Oddity didn’t immediately respond to a request for comment on the allegations.
The Securities and Exchange Commission in January issued an investor alert that said it was taking a hard look at these kinds of AI claims. Since then, almost half a dozen private lawsuits, by one count, have been filed against companies, and the SEC has taken its own legal action.
In two agency cases, the SEC settled allegations against investment firms that they had made unsupported claims about using AI to match products to investors.
“Those purporting to use those new technologies … should not mislead the public by saying they are using an AI model when they are not,” SEC Chair Gary Gensler said in March, when announcing the agency’s agreements with Delphia and Global Predictions.
It’s not clear what will happen in the Oddity case. The company said the Ningi report was based on factual inaccuracies. “Oddity firmly stands behind its use of technology to deliver a personalized beauty experience to consumers to drive conversion, customer loyalty, repeat purchase rates, and business results,” the company said in a statement. “Any other claim is purely false.”
Although the company’s stock price at the time took a hit, dropping about 4 percentage points over the course of a few days, according to the lawsuit, the company has so far appeared to mostly weather the storm. In late July, shares traded at around $40 a share, higher than the roughly $37 it traded at when Ningi issued its report.
The case shows that the spotlight the SEC has trained on AI-washing is likely going to lead to more lawsuits like this one, Kevin LaCroix, an attorney and executive vice president of RT ProExec, says.

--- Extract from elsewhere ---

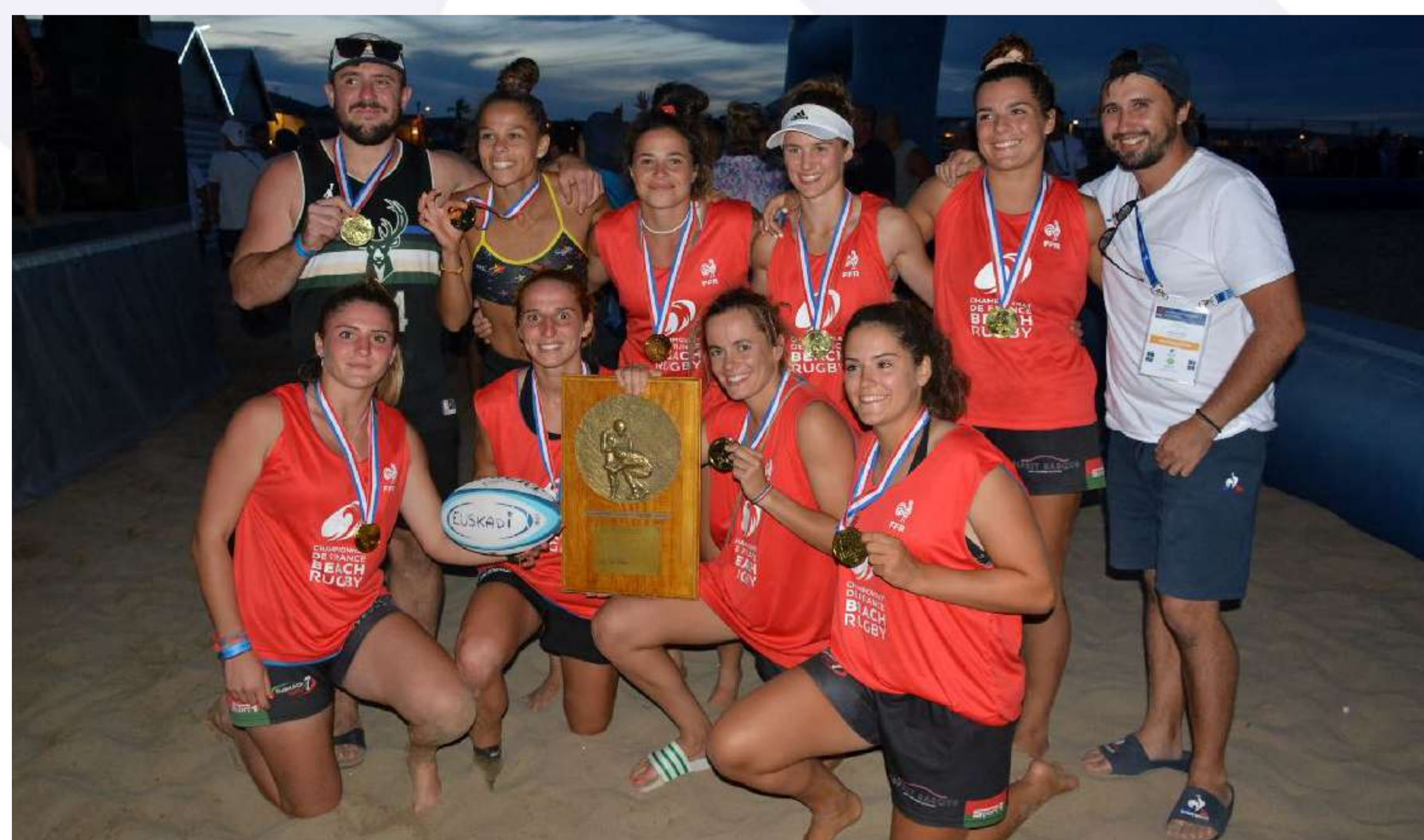
Championnes de France 2022 : Euskadi Sevens

Ainsi, 12 équipes masculines et 8 équipes féminines se sont disputées les titres de Championne et Champion de France de Beach Rugby 2022 et ont permis de décerner les titres suivants :

“Because of all of the hype in the investment markets surrounding AI, shares of companies with a good AI story have soared,” LaCroix said in an analysis of the Oddity lawsuit. As a result, “there is a high likelihood that companies whose AI credentials are questioned, causing a drop in the price of the company’s shares, are likely to get hit with a securities suit.”
RT ProExec is an intermediary for companies operating in the directors and officers liability insurance space.
The almost half-dozen AI-washing cases filed so far this year include a power company touting its role in another company’s AI platform and another involving a robotics company that rebranded itself as an AI company, among others.
In-house legal role
There’s a place for general counsel in helping to protect their company from stumbling into an AI-washing conflict like these by working with their technology counterparts, Lena Kempe of LK Law Firm has said.
The goal is to ensure that what a company is calling AI is really that and not merely an algorithm that uses statistical analyses or predetermined rules without incorporating machine-learning techniques. “Is the technology a basic automation or rule-based system that lacks authentic learning and adaptive capabilities?” Kempe said in an April column for Legal Dive. “If the answer is yes, then the product is not AI-powered.”
This is the kind of question LaCroix recommends D&O insurance underwriters start asking when they consider writing insurance for a company that touts the role of AI in its business.
“Underwriters may … want to develop questions designed to determine … the extent to which an applicant company’s claimed AI credentials are based on actual technological investments and the extent to which the AI-based claims represent only a marketing approach,” LaCroix says.
LaCroix said he thinks there will be more Oddity-like lawsuits filed before the year’s out.
“The number of AI-related securities suit filings will prove to be a significant factor in the overall number of securities class-action lawsuit filings during the year,” he said.
That makes it important in-house counsel not let companies over-promise on the kind of technology they have and the role it plays in their business.